La tension monte lentement, montrant la consternation croissante du personnel alors que les eaux de crue assomment les générateurs de secours de l’hôpital et que les efforts pour évacuer les patients se heurtent à de sérieux défis.

Ridley, un homme noir qui a concentré une grande partie de son travail sur l’exploration de l’intersection de la race, des préjugés, des privilèges et de l’oppression, dit qu’il voulait montrer comment les préjugés systémiques ont conduit les patients pauvres, souvent non blancs, à être laissés pour compte.

« Même si ce n’est pas criminel blâmer, personne ne veut accepter le blâme… en particulier lorsqu’il y a un parti pris systémique en cause », dit-il. « [People want to say] c’est juste arrivé que c’était des gens noirs et bruns… c’est juste arrivé que c’étaient des gens plus pauvres. Non. Il y a des problèmes. La chose qui me frustre vraiment plus qu’autre chose : pouvez-vous présenter une histoire où le système est le méchant ? »

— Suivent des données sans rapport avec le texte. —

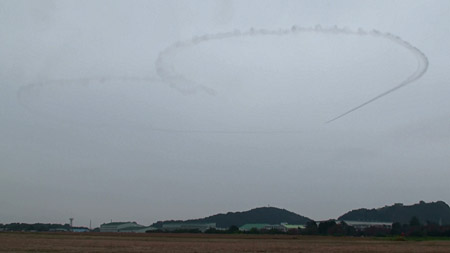 予行で見たときは見事に隊形変換とカンチガイ。いやいや、会場より東、犬山市から見たときも、なんか散らばっててまとまりのない編隊が基地に向けて間隔を詰めていったように見えたんだけど、、、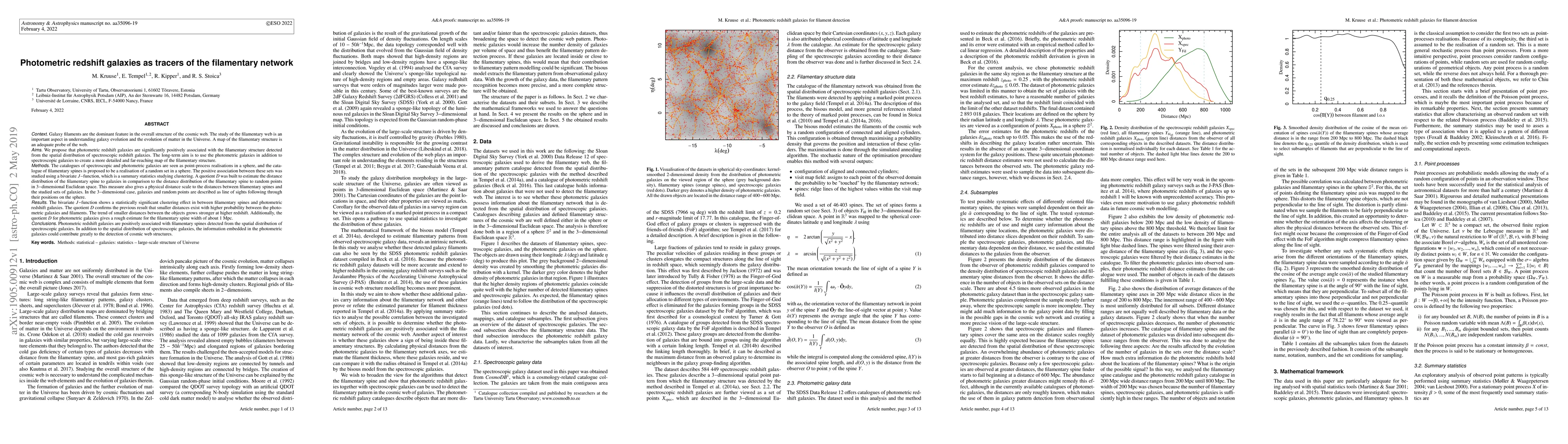This study used spatial statistics tools to analyze three datasets: spectroscopic galaxies, photometric galaxies, and filamentary spines. The data was treated as point-processes and random sets, respectively, and analyzed using summary statistics and estimation techniques.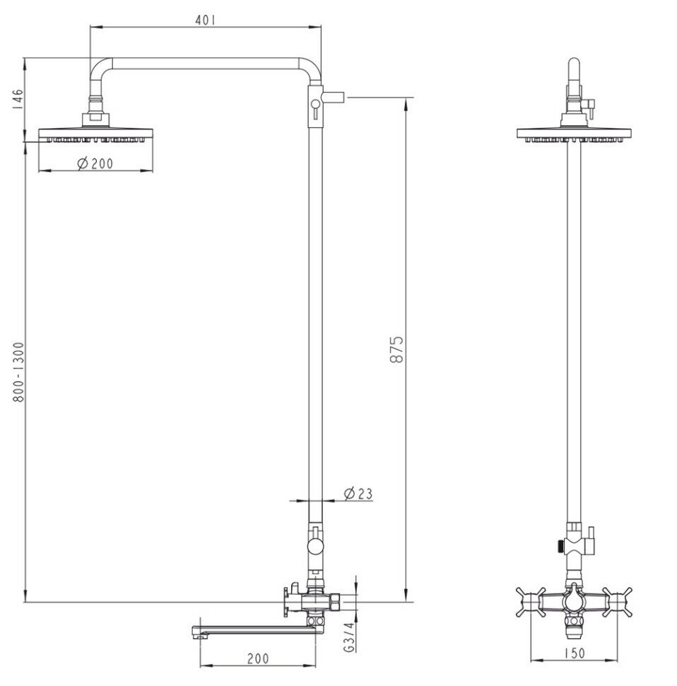 | Дополнительная информация | высота стойки для душа: 875 мм; диаметр верхнего душа: 200 мм |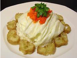 卵料理は強火で短時間で仕上げるのが良いと言われます。弾力があるものに仕上がります。今回の卵白炒めの技法は研修時代のマンダリンホテルの料理長、林勝倫氏が考案したものです。私にとって目から鱗が落ちる思いの料理でした。卵は子供からお年寄りまで好まれる食材ですし、卵を使った料理はたくさんあります。栄養分もたくさん含まれています。卵料理は強い火でまごまごせずに一気に仕上げてください。そうすればプルプル、フワフワで好好食(ホウホウセッ:めちゃ美味しい)!!

La série raconte cette histoire en se concentrant sur les membres du personnel et les patients noirs pris dans la catastrophe, y compris Emmett Everett – un paraplégique de bonne humeur pesant près de 400 livres. Les procureurs ont affirmé qu’il avait été euthanasié.

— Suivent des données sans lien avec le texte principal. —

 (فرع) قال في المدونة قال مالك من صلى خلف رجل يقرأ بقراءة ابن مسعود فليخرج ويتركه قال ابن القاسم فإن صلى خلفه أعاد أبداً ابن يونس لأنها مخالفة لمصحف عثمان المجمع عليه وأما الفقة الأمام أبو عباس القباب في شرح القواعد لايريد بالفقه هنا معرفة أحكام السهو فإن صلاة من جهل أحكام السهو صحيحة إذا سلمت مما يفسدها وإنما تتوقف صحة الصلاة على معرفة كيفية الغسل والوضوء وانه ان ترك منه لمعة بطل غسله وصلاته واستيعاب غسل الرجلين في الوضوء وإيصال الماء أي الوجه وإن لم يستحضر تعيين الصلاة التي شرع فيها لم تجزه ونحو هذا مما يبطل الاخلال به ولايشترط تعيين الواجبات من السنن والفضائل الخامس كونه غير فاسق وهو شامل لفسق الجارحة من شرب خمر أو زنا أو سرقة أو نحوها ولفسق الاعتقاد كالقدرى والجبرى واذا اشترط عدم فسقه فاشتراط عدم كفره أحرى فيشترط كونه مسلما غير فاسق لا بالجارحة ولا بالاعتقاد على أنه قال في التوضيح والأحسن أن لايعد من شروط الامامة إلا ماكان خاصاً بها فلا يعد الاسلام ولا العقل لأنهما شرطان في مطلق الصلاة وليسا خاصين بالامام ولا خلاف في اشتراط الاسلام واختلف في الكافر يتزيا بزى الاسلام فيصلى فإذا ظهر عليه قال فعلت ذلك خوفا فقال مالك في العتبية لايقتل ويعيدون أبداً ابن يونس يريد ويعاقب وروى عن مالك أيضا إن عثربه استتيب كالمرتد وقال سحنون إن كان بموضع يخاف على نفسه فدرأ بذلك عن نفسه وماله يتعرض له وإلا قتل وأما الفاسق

Dans une scène de la série, alors que les enquêteurs s’excusent pour la perte de son mari, la femme d’Everett objecte : « Je ne l’ai pas perdu », dit-elle. « Il m’a été enlevé. »

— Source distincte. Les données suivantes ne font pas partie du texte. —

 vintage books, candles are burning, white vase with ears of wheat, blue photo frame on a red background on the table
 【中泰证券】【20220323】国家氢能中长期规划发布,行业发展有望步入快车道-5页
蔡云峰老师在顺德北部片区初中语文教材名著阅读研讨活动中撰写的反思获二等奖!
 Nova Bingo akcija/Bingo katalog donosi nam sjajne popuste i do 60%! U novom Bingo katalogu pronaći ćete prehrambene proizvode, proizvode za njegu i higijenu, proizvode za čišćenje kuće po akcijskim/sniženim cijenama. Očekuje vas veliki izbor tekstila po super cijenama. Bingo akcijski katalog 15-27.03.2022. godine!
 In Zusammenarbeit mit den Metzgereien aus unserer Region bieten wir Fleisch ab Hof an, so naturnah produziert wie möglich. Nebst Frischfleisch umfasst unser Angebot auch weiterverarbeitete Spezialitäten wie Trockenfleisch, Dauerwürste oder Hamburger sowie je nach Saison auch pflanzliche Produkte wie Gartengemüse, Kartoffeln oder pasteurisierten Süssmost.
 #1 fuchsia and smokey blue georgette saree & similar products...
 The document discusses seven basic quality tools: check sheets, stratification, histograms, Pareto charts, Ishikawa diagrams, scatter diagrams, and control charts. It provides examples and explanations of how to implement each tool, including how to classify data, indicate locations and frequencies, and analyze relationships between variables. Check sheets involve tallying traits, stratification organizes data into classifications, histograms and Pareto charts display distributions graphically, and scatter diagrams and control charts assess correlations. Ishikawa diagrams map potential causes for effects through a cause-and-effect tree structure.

Les aléas de la vie humaine « en bas »

« Il y a une très ‘couche inférieure’ de la vie humaine », dit Ridley. « Une fois que vous avez fait cela, une fois que vous avez compris que ce ne sont pas vraiment des gens, ce sont des chiffres ou des statistiques, ce sont des pertes acceptables, sommes-nous vraiment surpris que quelque chose comme ça se produise? »

Cinq jours au Mémorial n’a presque pas été fait du tout. Basé sur un livre de 2013 développé à partir de l’article original, le projet a été défendu par plusieurs poids lourds d’Hollywood, dont le producteur Scott Rudin et, plus tard, Ryan Murphy, qui a envisagé d’en faire un épisode de son Histoire du crime américain série d’anthologies chez FX. Mais tous ces efforts ont échoué.

Ridley reste en colère que certains dirigeants de la télévision aient semblé nerveux à l’idée de développer une histoire centrée sur de terribles allégations contre des médecins alors qu’une pandémie transformait le monde dans la vraie vie.

« Les fournisseurs de contenu se disaient : « Oh, nous ne pouvons pas raconter cette histoire » », dit-il. « C’était très douloureux. Dans un monde où il y a tellement de médias et de narration, que les gens sont opposés à tout ce qui défie, opposés à tout ce qui peut prendre un peu plus de temps pour attirer un public. Je veux dire, pas d’alerte spoiler, il n’y a pas de fin heureuse. »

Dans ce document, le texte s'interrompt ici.